=== Begin Enclosure ===

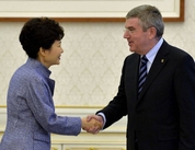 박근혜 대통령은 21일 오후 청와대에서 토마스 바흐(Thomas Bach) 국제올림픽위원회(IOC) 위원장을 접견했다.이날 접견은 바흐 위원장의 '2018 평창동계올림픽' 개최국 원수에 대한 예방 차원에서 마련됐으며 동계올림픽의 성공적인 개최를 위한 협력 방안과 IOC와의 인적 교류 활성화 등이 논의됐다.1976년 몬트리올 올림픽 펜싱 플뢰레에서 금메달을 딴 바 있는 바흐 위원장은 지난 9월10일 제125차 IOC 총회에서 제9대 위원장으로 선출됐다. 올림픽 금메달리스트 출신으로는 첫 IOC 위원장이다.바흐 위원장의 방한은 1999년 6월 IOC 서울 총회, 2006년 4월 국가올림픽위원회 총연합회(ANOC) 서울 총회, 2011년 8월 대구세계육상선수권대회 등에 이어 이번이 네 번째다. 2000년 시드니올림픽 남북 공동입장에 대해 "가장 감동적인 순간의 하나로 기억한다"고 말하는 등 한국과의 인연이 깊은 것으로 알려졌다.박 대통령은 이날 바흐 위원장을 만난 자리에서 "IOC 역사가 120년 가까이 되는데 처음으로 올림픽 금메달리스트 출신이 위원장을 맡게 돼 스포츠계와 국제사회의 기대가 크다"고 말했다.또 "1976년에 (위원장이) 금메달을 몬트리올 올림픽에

=== End Enclosure ===
=== Begin Enclosure ===

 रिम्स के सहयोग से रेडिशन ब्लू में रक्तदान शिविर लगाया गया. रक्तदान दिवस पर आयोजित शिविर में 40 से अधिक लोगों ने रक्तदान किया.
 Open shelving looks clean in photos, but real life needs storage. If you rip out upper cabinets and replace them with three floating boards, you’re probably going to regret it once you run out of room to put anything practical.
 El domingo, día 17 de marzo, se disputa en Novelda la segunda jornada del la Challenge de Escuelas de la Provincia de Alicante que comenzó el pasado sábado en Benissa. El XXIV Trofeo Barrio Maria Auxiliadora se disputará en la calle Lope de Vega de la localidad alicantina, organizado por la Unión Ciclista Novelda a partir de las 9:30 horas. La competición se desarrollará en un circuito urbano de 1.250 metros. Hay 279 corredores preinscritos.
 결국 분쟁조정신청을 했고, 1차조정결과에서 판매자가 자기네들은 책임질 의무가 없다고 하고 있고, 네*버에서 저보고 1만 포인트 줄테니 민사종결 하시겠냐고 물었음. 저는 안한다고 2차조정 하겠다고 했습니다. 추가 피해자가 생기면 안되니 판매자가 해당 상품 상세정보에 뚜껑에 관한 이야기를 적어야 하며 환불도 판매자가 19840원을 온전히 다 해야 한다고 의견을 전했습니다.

=== End Enclosure ===

▶ WORK ORDER
Print exactly the lines of the listing above starting at the line containing "El domingo, día" and ending at the line containing "결국 분쟁조정신청을 했고, 1차조정결과에서", both included.

▶ PROBLEM SOLUTION
 El domingo, día 17 de marzo, se disputa en Novelda la segunda jornada del la Challenge de Escuelas de la Provincia de Alicante que comenzó el pasado sábado en Benissa. El XXIV Trofeo Barrio Maria Auxiliadora se disputará en la calle Lope de Vega de la localidad alicantina, organizado por la Unión Ciclista Novelda a partir de las 9:30 horas. La competición se desarrollará en un circuito urbano de 1.250 metros. Hay 279 corredores preinscritos.
 결국 분쟁조정신청을 했고, 1차조정결과에서 판매자가 자기네들은 책임질 의무가 없다고 하고 있고, 네*버에서 저보고 1만 포인트 줄테니 민사종결 하시겠냐고 물었음. 저는 안한다고 2차조정 하겠다고 했습니다. 추가 피해자가 생기면 안되니 판매자가 해당 상품 상세정보에 뚜껑에 관한 이야기를 적어야 하며 환불도 판매자가 19840원을 온전히 다 해야 한다고 의견을 전했습니다.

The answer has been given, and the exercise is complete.